The 2-3 trick for summing n numbers of d-bits each in log 2/3 n steps

1- Patition the remainining n numbers to n/3 groups of three numbers each.

2- Temporary devide each number x_i to two numbers of d-bits each:

xa_i containg the odd bits of x_i and xb_i containg the even bits

of x_i. Thus each group contains six numbers accordingly.

3- In parallel for each group sum the three odd numbers and the three

even numbers seperatly.

This is done by summing in parallel each bit.
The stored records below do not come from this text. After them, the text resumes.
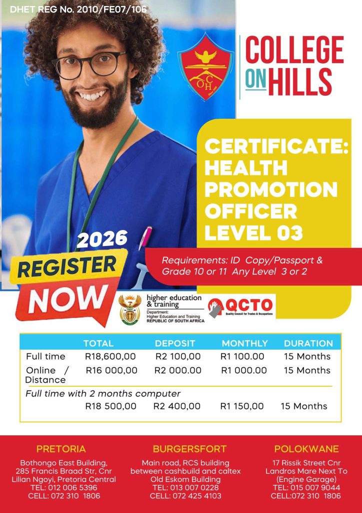 Registration Fee: R390 National Certificate | Diploma With/Without Matric - includes Practicals |
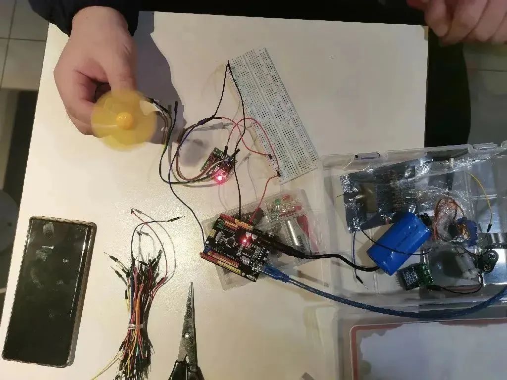 于是项目组成员将在学校特色课程《极智创客》中所学习的科创知识、技能与方法投入实践,研发智能低碳设备。首先基于现实问题设计并发放问卷,根据调查结果进行头脑风暴,提出多种设计方案,再自主阅读相关资料进行学习,对各种元器件进行初步调试来保证其能够正常工作,通过这些预实验明确了装置的基本功能和原理。
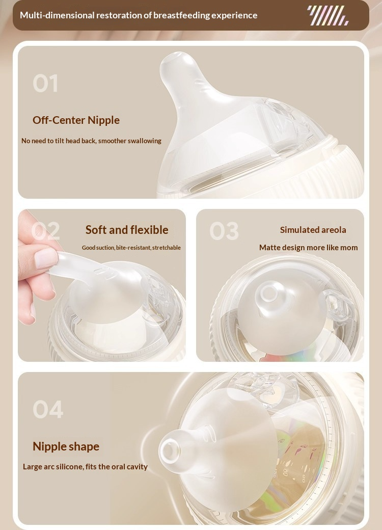 ประสบการณ์การให้นมที่เหมือนเต้านม จริง – จุกนมซิลิโคนเหลวที่อยู่ตรงกลาง เนื้อนุ่ม ยืดหยุ่นได้ และมีน้ำนมไหลออกมาอย่างช้าๆ เป็นรูปทรงหยดน้ำ ช่วยให้ดูดง่าย
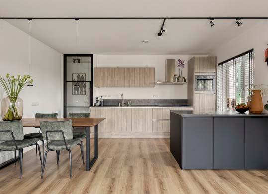 De keuken met ingebouwde stoomoven in het eiland is modern en compleet, perfect om lekker te koken
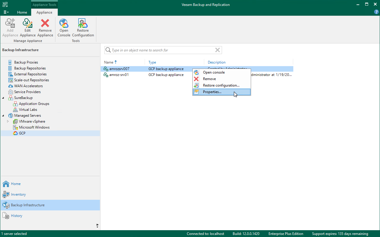 - Select the necessary Veeam Backup for Google Cloud appliance and click Edit Appliance on the ribbon.
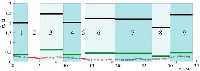 точки – судовые измерения; 1, 3, 4, 6–9 – пиксели, используемые для расчета;
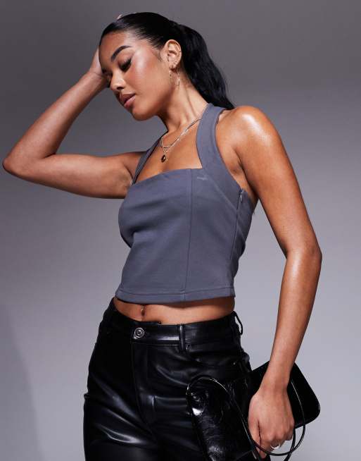 ASOS DESIGN Premium ponte halter neck top in charcoal
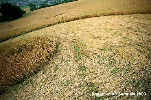 There is a large main circle about 120ft diameter with an offset standing centre. This circle has by far the best flow pattern of the whole formation, with complex swirls surrounding the standing area. Scattered around the main circle are about 11 other circles of varying sizes all joined by narrow pathways which run under the lay of the flattened crop within the circles themselves. 6 of these circles are arranged in a roughly straight line running across the slope, while the other 5 follow a curving path down the hill, the lower ones in particular lying on such a steep incline it is difficult to stand up in them. All these circles appear to be swirled clockwise, and in general are quite neat (allowing for the state of the crop), although some of the centres are a little untidy. Overall the layout of the formation gives the impression of having been created 'on the fly' rather than being a predetermined design. A pleasing effort, though, especially compared with the amateurish rubbish which has appeared in this area in previous years.

For example,

assume that we are to sum the j'th bit of xa_i,xa_i+1,xa_i+2

where j=0,2,4,8,.... .

Since the even place j+1 is empty then the tree bits can be easily summed

(yieliging either 00,01,10 or 11) and their carry can be safely stored

in the j+1 bit.

4- At this stage each group is reduced to two numbers

ya_i,yb_i containg the odd/even sums of the original three numbers

xa_i,xa_i+1,xa_i+2.

5- We can reat thise steps with the remaining numbers setting

x_1,...,x_2n/3 to ya_1,yb_1,ya_3,yb_3,....

Each application of these steps reduces the remaining numbers by 2/3

hence after log 2/3 n we can compute the total sum.